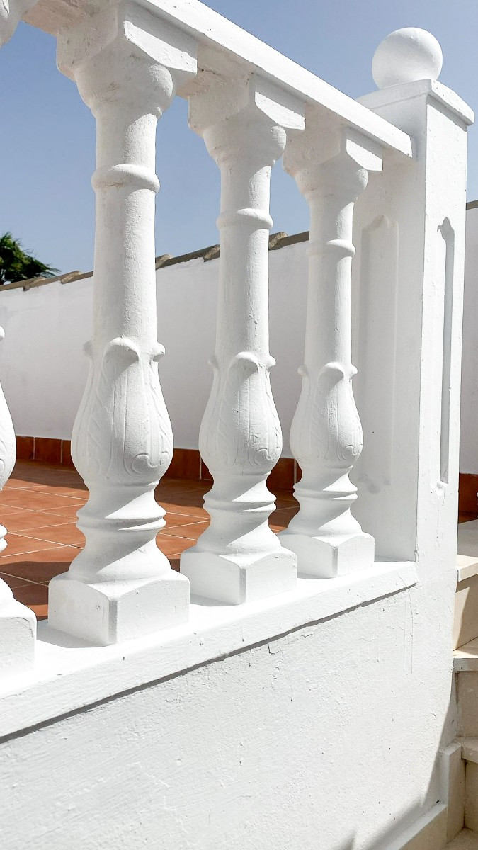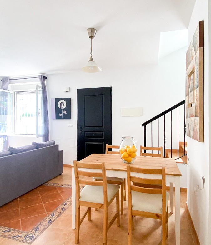 The spacious, open-plan living room connects to a front terrace, ideal for enjoying breakfast in the sun , while a practical utility room is located at the rear. The fully equipped kitchen, only eight years old, is in excellent condition. All rooms feature lined built-in wardrobes , white lacquered doors , and modern terrazzo and ceramic tile flooring.
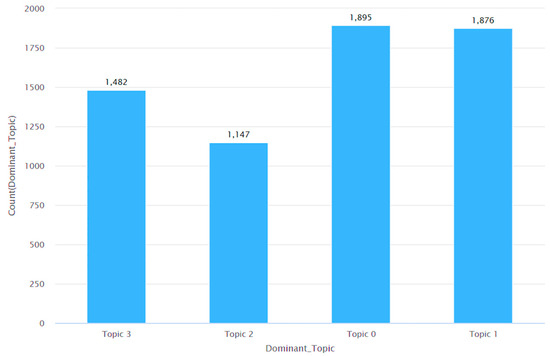 Thereafter, Algorithm 2 was run on the same data to determine the dominant topic for each video description. As a result of running Algorithm 2 on the data, each video description was classified as either Topic 0, Topic 1, Topic 2, or Topic 3. Figure 5 shows the number of video descriptions that were classified to each of these topics.
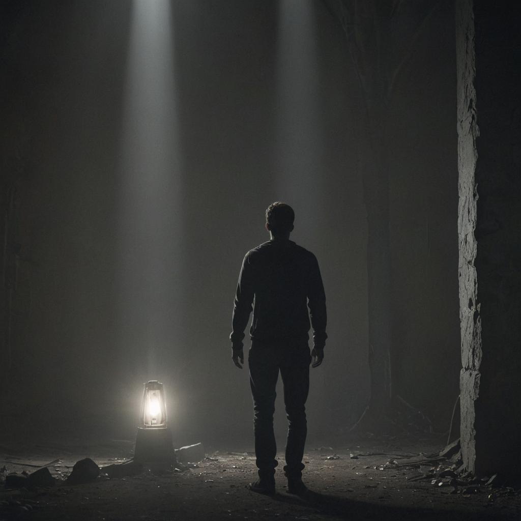 Difficulties in life leads a man to his knees in prayer before God. The light represents God’s presence.
___
What is required
Copy out all of the material exactly as written, without its pictures.

Response area
 The spacious, open-plan living room connects to a front terrace, ideal for enjoying breakfast in the sun , while a practical utility room is located at the rear. The fully equipped kitchen, only eight years old, is in excellent condition. All rooms feature lined built-in wardrobes , white lacquered doors , and modern terrazzo and ceramic tile flooring.
 Thereafter, Algorithm 2 was run on the same data to determine the dominant topic for each video description. As a result of running Algorithm 2 on the data, each video description was classified as either Topic 0, Topic 1, Topic 2, or Topic 3. Figure 5 shows the number of video descriptions that were classified to each of these topics.
 Difficulties in life leads a man to his knees in prayer before God. The light represents God’s presence.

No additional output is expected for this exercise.